Com relação ao policiamento privado, Lopes (2015) aponta contribuições significativas para a compreensão do poder e dos abusos relacionados às atividades realizadas pelos agentes de segurança privada. No diálogo com Stenning (2000), acerca da relação entre policiamento público e privado com a utilização das ferramentas legais e fisicamente coercitivas, as considerações salientadas servem como premissas basilares para se compreender as práticas da segurança privada.

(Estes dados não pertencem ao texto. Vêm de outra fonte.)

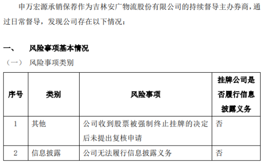 公告 安广物流:申万宏源承销保荐关于吉林安广物流股份有限公司未提出终止挂牌决定复核申请的风险提示性公告

O cerne da relação consiste na “inclinação para um policiamento de tipo consensual”, “ao invés da ameaça ou do uso da força física”. Isto estaria relacionada a vários fatores. Em primeiro lugar, o policiamento privado está mais focado em prevenção, e restituição e compensação do dano do que em repressão e reafirmação do consenso moral. Em segundo lugar, policiamento privado estaria mais interessado em minimizar conflitos e intervir por meio do consentimento, por ser considerado mais fácil, menos estressante, caro e perigoso do que o pela força. Por fim, a orientação na atuação é influenciada pelos processos legais movidos contra as organizações de policiamento privado e os seus contratantes.

Dessa forma, a não utilização das ferramentas legais e fisicamente coercitivas sugerem padrões de abusos distintos das atividades de policiamento público e privado (LOPES, 2015).